Fallah joined the Western Suburbs Magpies in 1984, but badly injured his knee in his second game in reserves. He made his first grade debut towards the end of the season, playing in 6 games, but broke his arm in the second last match. From 1985 to 1990, he was the regular starting hooker for the club. He scored his first try in round 2 of 1985 against Manly, and scored a double in round 23 against Souths. He was first grade captain in 12 games and scored 14 tries for Wests.

The mid-to-late eighties were an unsuccessful period for the Magpies, but Fallah often gained attention for his performances. He was described as, "one of the best number 12s in the game." Coach Ken Gentle said of him, "You can have your Benny Elias. I wouldn't swap Allan for any other hooker in Sydney." Fallah was later named as the hooker in the Magpies' Team of the Eighties.

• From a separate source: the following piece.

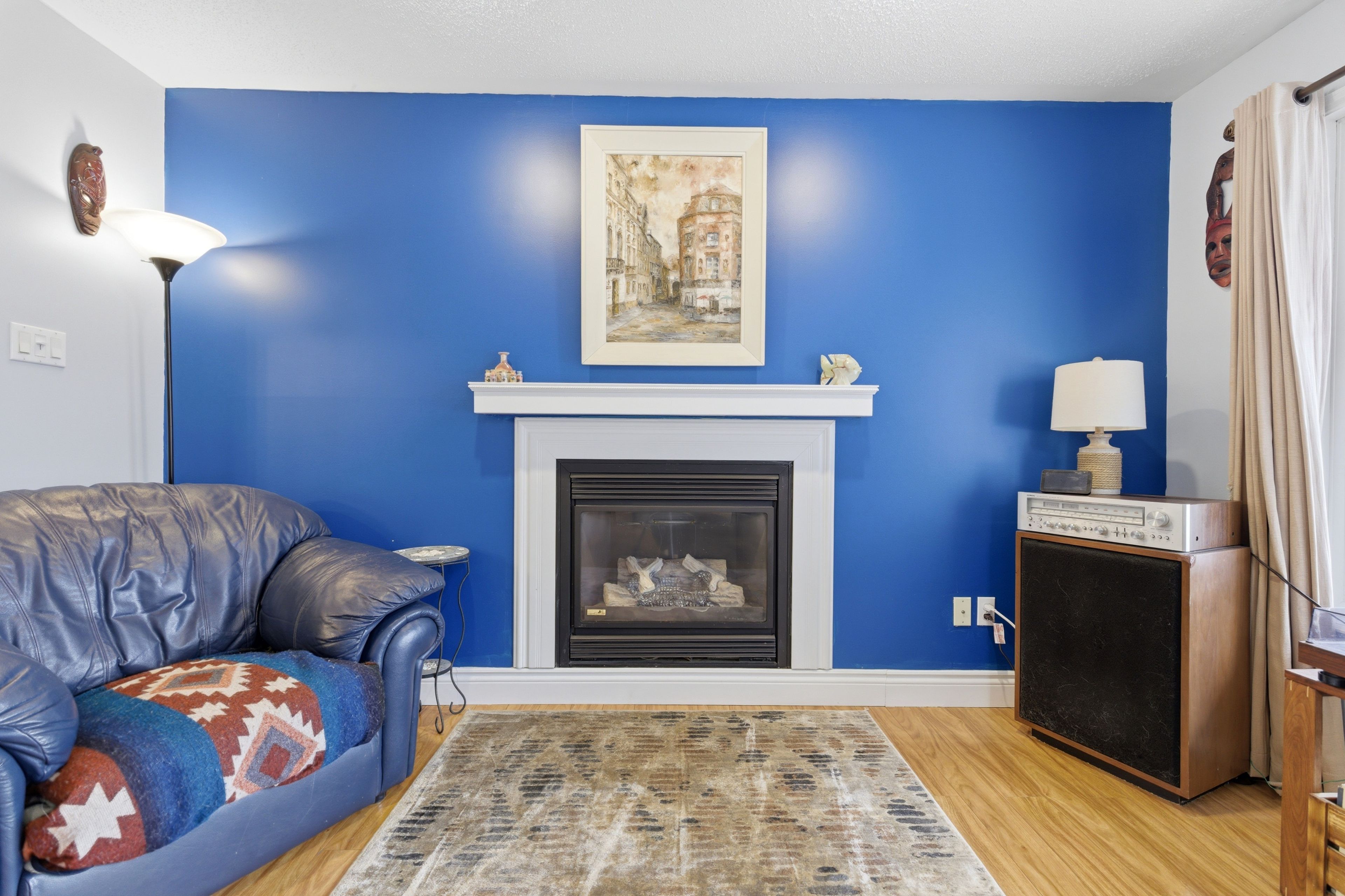 • Cozy living room with a gas fireplace and character.

Fallah retired in 1993 after playing for the Blackpool Gladiators in the UK.

==Refereeing==
After his retirement as a player, Fallah became a NRL referee/touch judge. He officiated in 87 NRL games, 3 State of Origins and two internationals. He was involved in two incidents that gained press attention. In the first, where Fallah was a touch judge, coach Chris Anderson described referee Rod Lawrence's performance as, "fucking disgraceful," when he encountered the officials at half-time of a match. In the second, there was confusion over whether a conversion should have been awarded when one touch judge raised a flag and another did not.

==Retirement==
Fallah remained involved in rugby league after his retirement. He is on the board of Wests Football Club. He also coached at the Gymea Technology High School where he taught, as well as Endeavour Sports High School and Sylvania High School. He represented NSW and Australia in Oztag at Masters level, alongside former teammate Trevor Cogger.

==Current==
Allan Fallah currently teaches physical education at Endeavour Sports High School and Sylvania High School in Sydney, New South Wales. He is a committee member of Wests old boys and on the Wests Football club board of directors.